The now-60-year-old Bronx man served 25 years in prison for a sexual assault that he didn't commit.
His best friend Thomas Curry said he always believed Ruiz was innocent.
"I knew they made a big mistake. Back in those days, the police weren't really investigating things that they should have been doing,” Curry said.
The alleged attack occurred in 1984 in East Harlem. Again and again, prosecutors pressed Ruiz to take a plea deal — at one point even offering a sentence of only one-and-a-half to three years. But he refused.
“I didn't want to take no deal because I'm not a criminal,” Ruiz said.
He was convicted in 1985, sent to prison, and denied parole again and again.

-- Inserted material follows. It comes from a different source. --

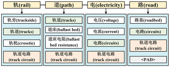 As shown in Figure 3, given a sentence “轨道电路 (English name: track circuit)”, it can be expressed as a single character as follows: . For each character “轨 (English name: rail)”,“道 (English name: path)”,“电 (English name: electricity)”, and “路 (English name: road)”, the Trie tree can be queried to find all the potential words in the sentence, which are as follows: “轨旁 (English name: trackside)”,“轨道 (English name: tracks)”, “轨枕 (English name: crosstie)”,“道床 (English name: ballast bed)”,“道床电阻 (English name: ballast bed resistance)”,“电压 (English name: voltage)”,“电流 (English name: current)”,“电路 (English name: circuits)”, and “路基 (English name: roadbed)”. Inputting a single character can be matched to potential word combinations in the specialized domain Trie tree, so that the corresponding char–words pair sequence can be constructed: .
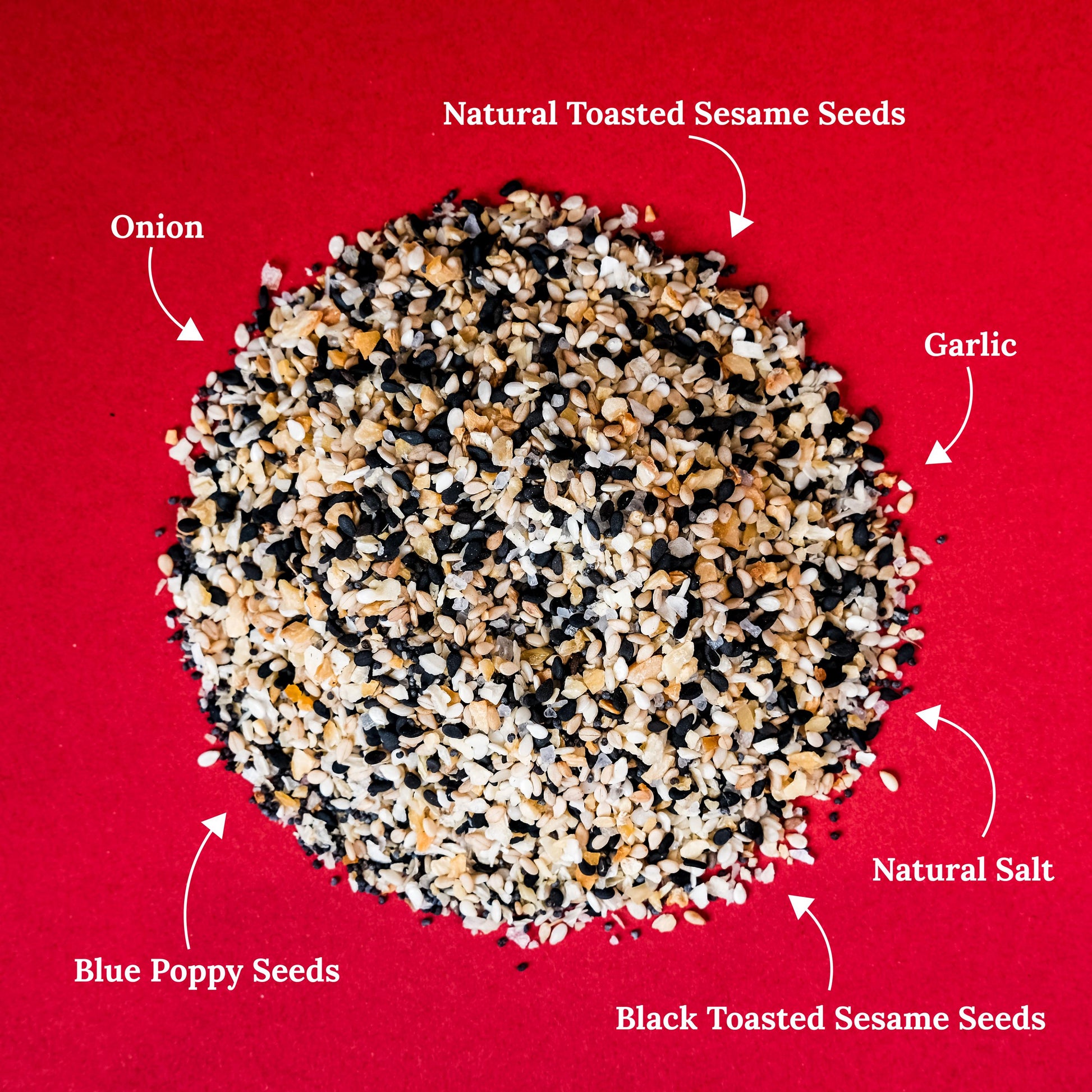 Listen up folks, first thing you gotta know is this seasoning should be called Everything But NOT The Bagel. For why? Born out of traditional bagel topping this you don't shakel over your bagel. No way never. EBTB is a majorly savoury and crunchy blend of toasted seeds, garlic, onion, salt and poppy seeds that adds a whole new dimension to a load of other everyday kind of food you eat, like, often.

He served his full sentence.
“I was thinking about my freedom the whole time I was in there,” Ruiz said.
More than a decade ago, the Conviction Integrity Unit of the Manhattan's District Attorney's Office referred the case to the Innocence Project. The prosecution's case was based on a single and, ultimately, faulty witness identification.
The late Manhattan Assistant District Attorney Bill Tendy convinced the Innocence Project to take on Ruiz's case. He had worked with private investigator Michael Benvie.
“I'm just happy for him, that's all I'd like to say. I'm just very happy for him,” Benvie said.
“A prosecutor’s job is not just to seek convictions, but to seek justice, to improve prosecutorial practices on the front end and prevent wrongful convictions from happening in the first place,” the Manhattan DA's office said in a statement.
Seema Saifee is a senior staff attorney with the Innocence Project. She said the process was incredibly challenging.
“One thing that is just so shocking is how exhaustingly difficult it is to get an innocent person out of prison and how, in a second, an innocent person can be convicted,” Saifee said.
Ruiz's court records will be sealed and his name taken off all sex offender registries. His family said it is hard not to be angry.
Ruiz's mother died soon after his release, and he lost a quarter century of his life, but they said life for them starts right now.
“I feel like I was reborn again and can start all over with my brother,” said Maria Ruiz, Rafael’s sister.
Ruiz said he wants to spend the rest of his days with his family and maybe find a wife.